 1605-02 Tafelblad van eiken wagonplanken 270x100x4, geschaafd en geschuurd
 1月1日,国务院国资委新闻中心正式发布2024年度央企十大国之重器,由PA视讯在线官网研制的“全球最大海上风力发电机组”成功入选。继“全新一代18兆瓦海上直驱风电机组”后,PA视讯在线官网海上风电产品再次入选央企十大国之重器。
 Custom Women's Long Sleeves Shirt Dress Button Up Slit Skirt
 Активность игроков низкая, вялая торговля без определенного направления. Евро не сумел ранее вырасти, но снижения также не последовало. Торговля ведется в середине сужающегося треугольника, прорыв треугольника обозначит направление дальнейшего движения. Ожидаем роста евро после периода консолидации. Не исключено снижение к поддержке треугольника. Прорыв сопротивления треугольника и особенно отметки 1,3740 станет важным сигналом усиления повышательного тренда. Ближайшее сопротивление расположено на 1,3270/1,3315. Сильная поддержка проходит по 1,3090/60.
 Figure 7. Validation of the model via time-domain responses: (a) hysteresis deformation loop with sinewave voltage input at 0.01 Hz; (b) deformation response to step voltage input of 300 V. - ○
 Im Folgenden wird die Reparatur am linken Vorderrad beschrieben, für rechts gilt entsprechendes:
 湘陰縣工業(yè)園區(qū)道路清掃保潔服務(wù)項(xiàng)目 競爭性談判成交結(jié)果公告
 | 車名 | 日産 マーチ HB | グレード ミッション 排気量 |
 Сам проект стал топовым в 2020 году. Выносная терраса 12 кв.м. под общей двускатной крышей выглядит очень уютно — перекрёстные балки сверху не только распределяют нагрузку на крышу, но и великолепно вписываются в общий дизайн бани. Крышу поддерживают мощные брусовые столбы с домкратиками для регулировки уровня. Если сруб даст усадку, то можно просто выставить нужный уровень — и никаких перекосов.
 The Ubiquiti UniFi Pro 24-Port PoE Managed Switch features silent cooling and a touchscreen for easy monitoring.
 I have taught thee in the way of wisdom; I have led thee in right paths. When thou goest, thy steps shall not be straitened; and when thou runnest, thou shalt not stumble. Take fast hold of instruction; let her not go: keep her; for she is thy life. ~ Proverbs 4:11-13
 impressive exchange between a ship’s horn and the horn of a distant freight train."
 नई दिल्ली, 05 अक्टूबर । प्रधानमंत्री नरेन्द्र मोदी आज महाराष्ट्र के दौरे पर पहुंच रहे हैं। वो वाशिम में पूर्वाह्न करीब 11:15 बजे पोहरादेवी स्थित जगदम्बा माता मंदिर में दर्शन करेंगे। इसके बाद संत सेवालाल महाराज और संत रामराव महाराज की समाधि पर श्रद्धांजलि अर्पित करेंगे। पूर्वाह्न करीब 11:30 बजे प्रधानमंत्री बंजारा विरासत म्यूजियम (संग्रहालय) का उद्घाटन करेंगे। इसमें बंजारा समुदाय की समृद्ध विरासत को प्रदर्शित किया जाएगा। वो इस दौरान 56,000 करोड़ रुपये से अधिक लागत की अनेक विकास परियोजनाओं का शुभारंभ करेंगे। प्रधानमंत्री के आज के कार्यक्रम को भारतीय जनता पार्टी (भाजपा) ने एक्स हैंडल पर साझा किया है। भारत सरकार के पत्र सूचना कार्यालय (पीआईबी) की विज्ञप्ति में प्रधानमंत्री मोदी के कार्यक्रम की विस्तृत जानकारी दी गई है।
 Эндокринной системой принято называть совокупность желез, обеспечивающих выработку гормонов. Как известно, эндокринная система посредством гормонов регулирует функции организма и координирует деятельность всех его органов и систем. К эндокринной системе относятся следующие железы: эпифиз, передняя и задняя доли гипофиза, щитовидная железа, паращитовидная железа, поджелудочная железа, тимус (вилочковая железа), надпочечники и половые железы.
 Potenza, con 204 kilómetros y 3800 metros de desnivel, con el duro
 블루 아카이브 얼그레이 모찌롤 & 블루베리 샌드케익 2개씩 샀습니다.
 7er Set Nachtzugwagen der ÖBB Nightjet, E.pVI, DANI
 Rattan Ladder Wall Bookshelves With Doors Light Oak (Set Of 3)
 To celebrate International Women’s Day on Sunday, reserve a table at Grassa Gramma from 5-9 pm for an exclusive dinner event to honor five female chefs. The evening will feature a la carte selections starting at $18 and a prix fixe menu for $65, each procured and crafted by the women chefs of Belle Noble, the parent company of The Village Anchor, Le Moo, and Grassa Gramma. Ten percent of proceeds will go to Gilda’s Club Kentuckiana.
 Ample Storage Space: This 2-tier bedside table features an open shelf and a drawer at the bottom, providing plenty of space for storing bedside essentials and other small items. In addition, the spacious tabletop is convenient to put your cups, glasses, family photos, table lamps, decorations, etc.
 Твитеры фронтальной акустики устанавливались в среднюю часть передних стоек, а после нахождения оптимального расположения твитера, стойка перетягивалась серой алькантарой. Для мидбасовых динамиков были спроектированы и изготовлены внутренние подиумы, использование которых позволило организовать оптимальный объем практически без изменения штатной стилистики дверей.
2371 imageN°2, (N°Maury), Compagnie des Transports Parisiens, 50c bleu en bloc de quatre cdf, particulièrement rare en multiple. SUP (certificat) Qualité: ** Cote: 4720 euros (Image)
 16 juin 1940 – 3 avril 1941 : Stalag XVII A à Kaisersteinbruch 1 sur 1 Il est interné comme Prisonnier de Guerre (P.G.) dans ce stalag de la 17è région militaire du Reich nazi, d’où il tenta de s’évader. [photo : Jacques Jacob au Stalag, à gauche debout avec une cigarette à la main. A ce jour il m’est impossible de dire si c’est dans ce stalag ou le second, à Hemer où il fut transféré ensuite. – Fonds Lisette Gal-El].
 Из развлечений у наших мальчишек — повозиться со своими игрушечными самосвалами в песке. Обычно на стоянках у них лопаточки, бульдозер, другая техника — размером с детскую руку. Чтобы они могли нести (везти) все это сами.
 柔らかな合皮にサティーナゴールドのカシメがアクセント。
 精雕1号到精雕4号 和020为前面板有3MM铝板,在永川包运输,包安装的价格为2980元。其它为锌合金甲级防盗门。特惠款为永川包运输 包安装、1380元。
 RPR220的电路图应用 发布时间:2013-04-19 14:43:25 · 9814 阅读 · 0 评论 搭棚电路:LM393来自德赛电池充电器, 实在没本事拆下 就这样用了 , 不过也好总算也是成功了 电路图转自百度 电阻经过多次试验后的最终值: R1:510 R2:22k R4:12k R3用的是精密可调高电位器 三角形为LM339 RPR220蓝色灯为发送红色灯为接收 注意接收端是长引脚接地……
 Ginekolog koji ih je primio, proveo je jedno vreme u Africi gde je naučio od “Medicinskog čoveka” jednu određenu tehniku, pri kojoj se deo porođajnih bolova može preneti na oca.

▶ Prompt:
Restate the material word for word so that no line differs from the original.

▶ Answer box:
 1605-02 Tafelblad van eiken wagonplanken 270x100x4, geschaafd en geschuurd
 1月1日,国务院国资委新闻中心正式发布2024年度央企十大国之重器,由PA视讯在线官网研制的“全球最大海上风力发电机组”成功入选。继“全新一代18兆瓦海上直驱风电机组”后,PA视讯在线官网海上风电产品再次入选央企十大国之重器。
 Custom Women's Long Sleeves Shirt Dress Button Up Slit Skirt
 Активность игроков низкая, вялая торговля без определенного направления. Евро не сумел ранее вырасти, но снижения также не последовало. Торговля ведется в середине сужающегося треугольника, прорыв треугольника обозначит направление дальнейшего движения. Ожидаем роста евро после периода консолидации. Не исключено снижение к поддержке треугольника. Прорыв сопротивления треугольника и особенно отметки 1,3740 станет важным сигналом усиления повышательного тренда. Ближайшее сопротивление расположено на 1,3270/1,3315. Сильная поддержка проходит по 1,3090/60.
 Figure 7. Validation of the model via time-domain responses: (a) hysteresis deformation loop with sinewave voltage input at 0.01 Hz; (b) deformation response to step voltage input of 300 V. - ○
 Im Folgenden wird die Reparatur am linken Vorderrad beschrieben, für rechts gilt entsprechendes:
 湘陰縣工業(yè)園區(qū)道路清掃保潔服務(wù)項(xiàng)目 競爭性談判成交結(jié)果公告
 | 車名 | 日産 マーチ HB | グレード ミッション 排気量 |
 Сам проект стал топовым в 2020 году. Выносная терраса 12 кв.м. под общей двускатной крышей выглядит очень уютно — перекрёстные балки сверху не только распределяют нагрузку на крышу, но и великолепно вписываются в общий дизайн бани. Крышу поддерживают мощные брусовые столбы с домкратиками для регулировки уровня. Если сруб даст усадку, то можно просто выставить нужный уровень — и никаких перекосов.
 The Ubiquiti UniFi Pro 24-Port PoE Managed Switch features silent cooling and a touchscreen for easy monitoring.
 I have taught thee in the way of wisdom; I have led thee in right paths. When thou goest, thy steps shall not be straitened; and when thou runnest, thou shalt not stumble. Take fast hold of instruction; let her not go: keep her; for she is thy life. ~ Proverbs 4:11-13
 impressive exchange between a ship’s horn and the horn of a distant freight train."
 नई दिल्ली, 05 अक्टूबर । प्रधानमंत्री नरेन्द्र मोदी आज महाराष्ट्र के दौरे पर पहुंच रहे हैं। वो वाशिम में पूर्वाह्न करीब 11:15 बजे पोहरादेवी स्थित जगदम्बा माता मंदिर में दर्शन करेंगे। इसके बाद संत सेवालाल महाराज और संत रामराव महाराज की समाधि पर श्रद्धांजलि अर्पित करेंगे। पूर्वाह्न करीब 11:30 बजे प्रधानमंत्री बंजारा विरासत म्यूजियम (संग्रहालय) का उद्घाटन करेंगे। इसमें बंजारा समुदाय की समृद्ध विरासत को प्रदर्शित किया जाएगा। वो इस दौरान 56,000 करोड़ रुपये से अधिक लागत की अनेक विकास परियोजनाओं का शुभारंभ करेंगे। प्रधानमंत्री के आज के कार्यक्रम को भारतीय जनता पार्टी (भाजपा) ने एक्स हैंडल पर साझा किया है। भारत सरकार के पत्र सूचना कार्यालय (पीआईबी) की विज्ञप्ति में प्रधानमंत्री मोदी के कार्यक्रम की विस्तृत जानकारी दी गई है।
 Эндокринной системой принято называть совокупность желез, обеспечивающих выработку гормонов. Как известно, эндокринная система посредством гормонов регулирует функции организма и координирует деятельность всех его органов и систем. К эндокринной системе относятся следующие железы: эпифиз, передняя и задняя доли гипофиза, щитовидная железа, паращитовидная железа, поджелудочная железа, тимус (вилочковая железа), надпочечники и половые железы.
 Potenza, con 204 kilómetros y 3800 metros de desnivel, con el duro
 블루 아카이브 얼그레이 모찌롤 & 블루베리 샌드케익 2개씩 샀습니다.
 7er Set Nachtzugwagen der ÖBB Nightjet, E.pVI, DANI
 Rattan Ladder Wall Bookshelves With Doors Light Oak (Set Of 3)
 To celebrate International Women’s Day on Sunday, reserve a table at Grassa Gramma from 5-9 pm for an exclusive dinner event to honor five female chefs. The evening will feature a la carte selections starting at $18 and a prix fixe menu for $65, each procured and crafted by the women chefs of Belle Noble, the parent company of The Village Anchor, Le Moo, and Grassa Gramma. Ten percent of proceeds will go to Gilda’s Club Kentuckiana.
 Ample Storage Space: This 2-tier bedside table features an open shelf and a drawer at the bottom, providing plenty of space for storing bedside essentials and other small items. In addition, the spacious tabletop is convenient to put your cups, glasses, family photos, table lamps, decorations, etc.
 Твитеры фронтальной акустики устанавливались в среднюю часть передних стоек, а после нахождения оптимального расположения твитера, стойка перетягивалась серой алькантарой. Для мидбасовых динамиков были спроектированы и изготовлены внутренние подиумы, использование которых позволило организовать оптимальный объем практически без изменения штатной стилистики дверей.
2371 imageN°2, (N°Maury), Compagnie des Transports Parisiens, 50c bleu en bloc de quatre cdf, particulièrement rare en multiple. SUP (certificat) Qualité: ** Cote: 4720 euros (Image)
 16 juin 1940 – 3 avril 1941 : Stalag XVII A à Kaisersteinbruch 1 sur 1 Il est interné comme Prisonnier de Guerre (P.G.) dans ce stalag de la 17è région militaire du Reich nazi, d’où il tenta de s’évader. [photo : Jacques Jacob au Stalag, à gauche debout avec une cigarette à la main. A ce jour il m’est impossible de dire si c’est dans ce stalag ou le second, à Hemer où il fut transféré ensuite. – Fonds Lisette Gal-El].
 Из развлечений у наших мальчишек — повозиться со своими игрушечными самосвалами в песке. Обычно на стоянках у них лопаточки, бульдозер, другая техника — размером с детскую руку. Чтобы они могли нести (везти) все это сами.
 柔らかな合皮にサティーナゴールドのカシメがアクセント。
 精雕1号到精雕4号 和020为前面板有3MM铝板,在永川包运输,包安装的价格为2980元。其它为锌合金甲级防盗门。特惠款为永川包运输 包安装、1380元。
 RPR220的电路图应用 发布时间:2013-04-19 14:43:25 · 9814 阅读 · 0 评论 搭棚电路:LM393来自德赛电池充电器, 实在没本事拆下 就这样用了 , 不过也好总算也是成功了 电路图转自百度 电阻经过多次试验后的最终值: R1:510 R2:22k R4:12k R3用的是精密可调高电位器 三角形为LM339 RPR220蓝色灯为发送红色灯为接收 注意接收端是长引脚接地……
 Ginekolog koji ih je primio, proveo je jedno vreme u Africi gde je naučio od “Medicinskog čoveka” jednu određenu tehniku, pri kojoj se deo porođajnih bolova može preneti na oca.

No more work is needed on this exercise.